Prince Edward Island National Park
Whether you’re new to the ocean or a pro, always be aware of the hazards in this quickly changing environment. Know your limits. Respect the water.
The north shore is a dynamic environment impacted by changes in wind direction and speed, transforming a tranquil lap of waves into an energetic surf. We encourage all swimmers to use supervised swimming areas and check surf conditions daily.
Check out our Swimming & Beach Activities page for beach locations and information.
Rip currents are powerful, fast-moving seaward currents that can pull even the strongest swimmers out to sea. They form when the energy from surf gets caught between the beach and offshore sandbars.
Be safe: Know how to swim, never swim alone, and when in doubt, don't go out.
Break the Grip of the Rip. If you become caught in a rip current:
- Don't fight the current
- Swim out of the current, then to shore
- If you can't escape, float or tread water
- If you need help, call or wave for assistance
Please note that floatable devices are not encouraged due to strong offshore winds and are not allowed in supervised swimming areas.
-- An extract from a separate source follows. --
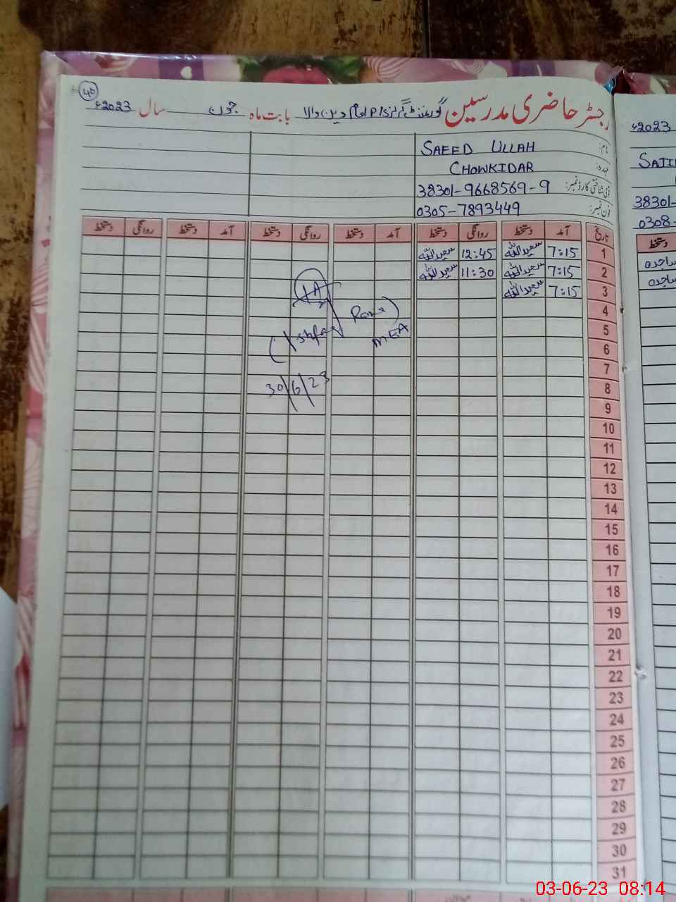 | Name: Sa**** Ra**** Designation: (School Headmaster's/Headmistress's) Ese Phone/Cell Number: 03**** |

PEI National Park's supervised beaches now use the international beach flag warning system:
- Green: Calm surf
- Yellow: Moderate surf/rip currents present
- Red: Dangerous surf
- Purple: Jellyfish present.
- Orange: Strong offshore winds/inflatables not permitted
Flags are flown during supervised hours only. The absence of flags does not assure safe waters.
- When in doubt, don’t go out!
- Swim at a supervised beach and in the supervised area (between the flags).
- Never swim alone.
- Observe surf conditions and follow surfguard advice.
- If surf is present, beware of rip currents.
Twice daily, the shores of Prince Edward Island National Park become wide, and then narrow again, because of the tides.
Tides within Prince Edward Island National Park range from a few centimeters to over two meters. Low tide is the best time of day to explore. But be aware and watch the rising tide along the cliffs to ensure that you can safely return the way you came.
Pay particular attention at Robinson’s Island and Covehead Bay where narrow channels can create strong outflow currents, especially as tides change.
Small outflow streams that you encounter along the shoreline carry water from hundreds of kilometers of streams. Avoid having children play in them as the water may contain elevated bacteria levels. Signage is put in place weekly if water tests show high levels of bacteria.
Motorized vessels are not permitted within National Park water bodies and for visitor safety boats should remain 200 meters from all designated swimming areas. If encountering swimmers outside of these areas, boaters are asked to please slow down to 10 km/hr and stay well clear of them.
Observe Piping Plover closure signs and do not beach your boat in these areas. Move down shore to an area not posted.
Whether enjoying the water by kayaking, kite surfing or paddle boarding, before heading out ensure that you are equipped and trained and be prepared for quickly changing weather & surf conditions.
If you are thinking it might be fun to jump off Covehead bridge, think twice! Diving and/or jumping from the Covehead Bridge is a prohibited activity, pursuant to Section 7 (1) of the National Parks General Regulations. Bridge jumping is dangerous for many reasons, including:
- Unknown objects lurking below the surface of the water;
- Ever-changing water conditions and depths; and
- Slippery conditions climbing to the diving point;
- Heavy boat traffic.
Anyone found contravening the regulation may be prosecuted under Section 7(4)(a) of the General Regulations. The minimum fine is $175.